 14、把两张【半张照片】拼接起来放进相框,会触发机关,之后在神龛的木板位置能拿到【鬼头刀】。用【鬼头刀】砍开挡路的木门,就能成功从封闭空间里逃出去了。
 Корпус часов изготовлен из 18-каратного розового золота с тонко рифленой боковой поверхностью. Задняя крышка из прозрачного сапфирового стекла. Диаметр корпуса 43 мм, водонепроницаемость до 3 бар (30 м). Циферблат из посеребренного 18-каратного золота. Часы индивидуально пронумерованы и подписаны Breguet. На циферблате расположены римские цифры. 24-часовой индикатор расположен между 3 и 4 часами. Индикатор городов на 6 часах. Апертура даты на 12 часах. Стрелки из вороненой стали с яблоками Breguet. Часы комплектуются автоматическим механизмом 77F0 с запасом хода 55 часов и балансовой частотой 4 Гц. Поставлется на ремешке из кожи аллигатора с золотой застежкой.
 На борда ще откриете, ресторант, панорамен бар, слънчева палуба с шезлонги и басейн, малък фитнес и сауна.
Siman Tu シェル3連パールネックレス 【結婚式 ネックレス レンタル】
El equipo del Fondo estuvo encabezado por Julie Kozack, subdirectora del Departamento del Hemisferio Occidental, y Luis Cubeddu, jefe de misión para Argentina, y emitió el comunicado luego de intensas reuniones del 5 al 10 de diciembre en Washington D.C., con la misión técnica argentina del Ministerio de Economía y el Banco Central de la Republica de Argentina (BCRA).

————————

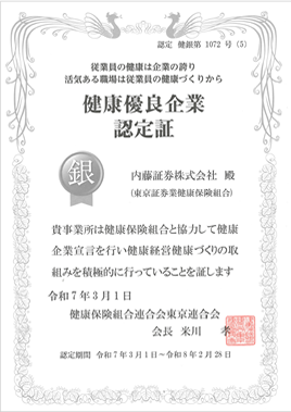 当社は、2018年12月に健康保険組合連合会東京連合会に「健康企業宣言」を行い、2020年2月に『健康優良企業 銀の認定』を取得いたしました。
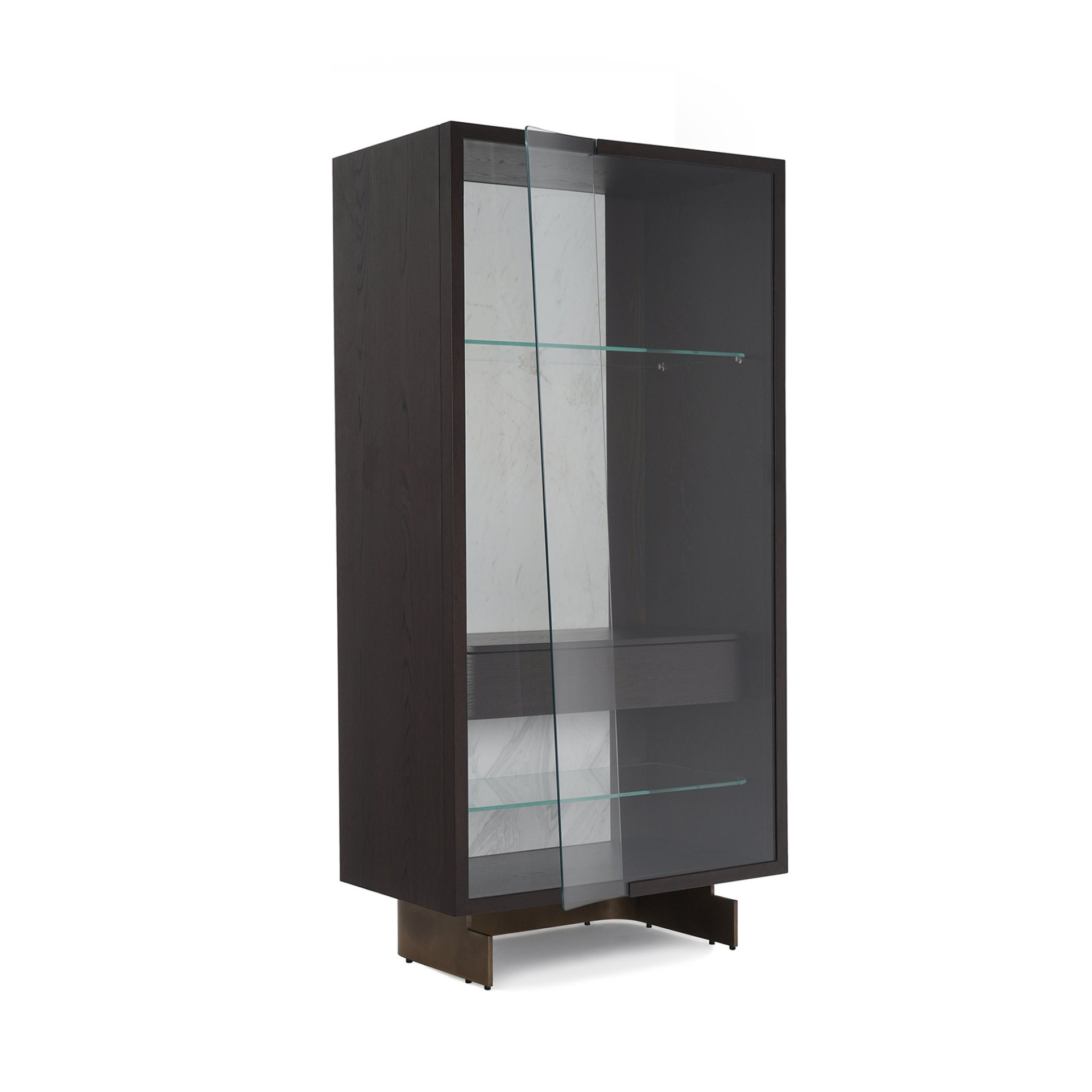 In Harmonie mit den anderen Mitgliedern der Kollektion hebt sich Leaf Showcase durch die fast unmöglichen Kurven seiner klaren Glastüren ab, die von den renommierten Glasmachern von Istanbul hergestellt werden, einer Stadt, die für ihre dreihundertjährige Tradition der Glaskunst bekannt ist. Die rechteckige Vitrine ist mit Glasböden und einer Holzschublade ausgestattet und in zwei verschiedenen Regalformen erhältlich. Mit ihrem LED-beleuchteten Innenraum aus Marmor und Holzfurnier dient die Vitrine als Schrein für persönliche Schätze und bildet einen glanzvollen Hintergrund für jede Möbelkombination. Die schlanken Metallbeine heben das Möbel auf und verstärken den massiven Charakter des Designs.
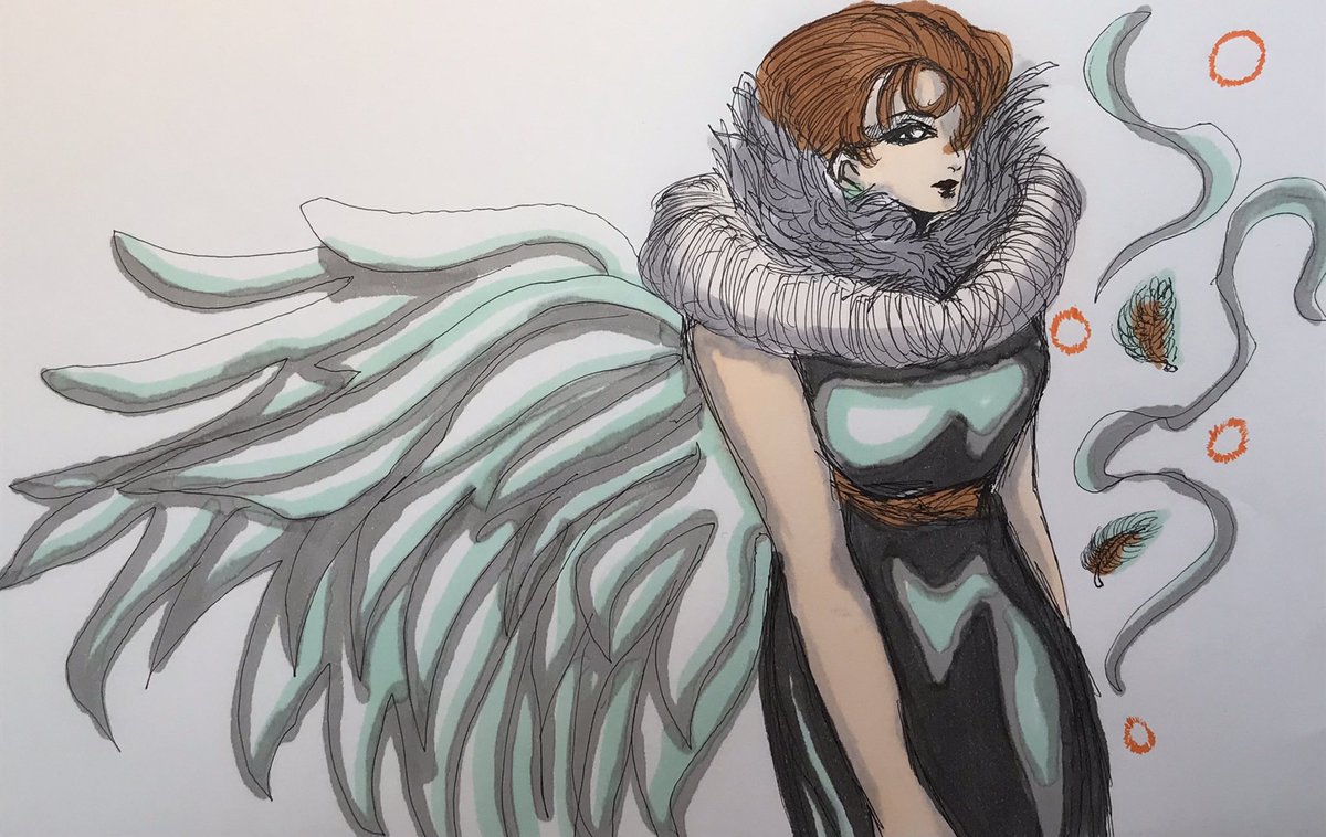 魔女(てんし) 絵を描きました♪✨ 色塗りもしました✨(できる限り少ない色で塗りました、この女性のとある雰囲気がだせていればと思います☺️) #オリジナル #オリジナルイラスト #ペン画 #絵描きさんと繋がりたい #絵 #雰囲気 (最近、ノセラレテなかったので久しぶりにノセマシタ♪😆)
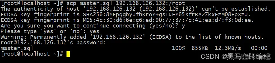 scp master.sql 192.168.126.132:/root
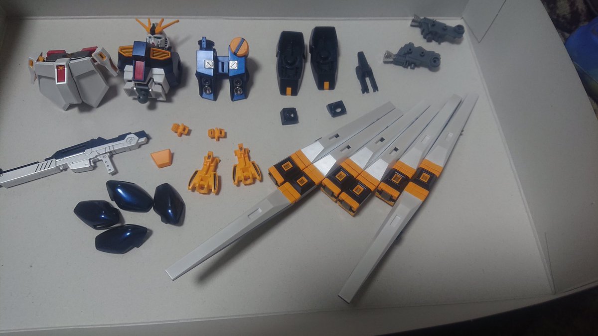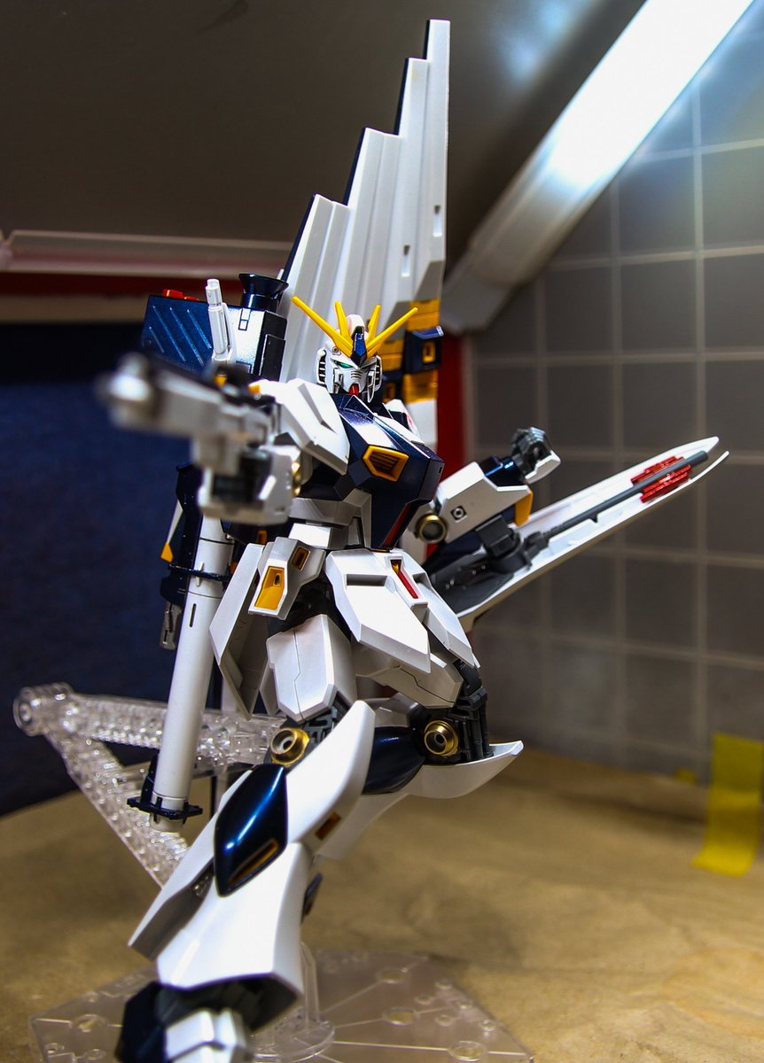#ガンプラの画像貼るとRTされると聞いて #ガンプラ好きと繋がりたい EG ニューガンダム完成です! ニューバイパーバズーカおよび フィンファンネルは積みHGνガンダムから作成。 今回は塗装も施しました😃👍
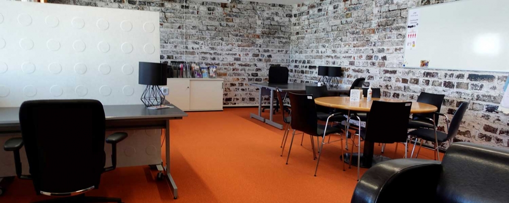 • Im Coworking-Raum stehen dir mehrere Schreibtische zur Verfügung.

————————

ASSIGNED TASK
Of all the entries above, repeat only the lines from the line that has "На борда ще" to the line that has "Siman Tu シェル3連パールネックレス 【結婚式 ネックレス レンタル】", both lines included, exactly.

EXERCISE SOLUTION
 На борда ще откриете, ресторант, панорамен бар, слънчева палуба с шезлонги и басейн, малък фитнес и сауна.
Siman Tu シェル3連パールネックレス 【結婚式 ネックレス レンタル】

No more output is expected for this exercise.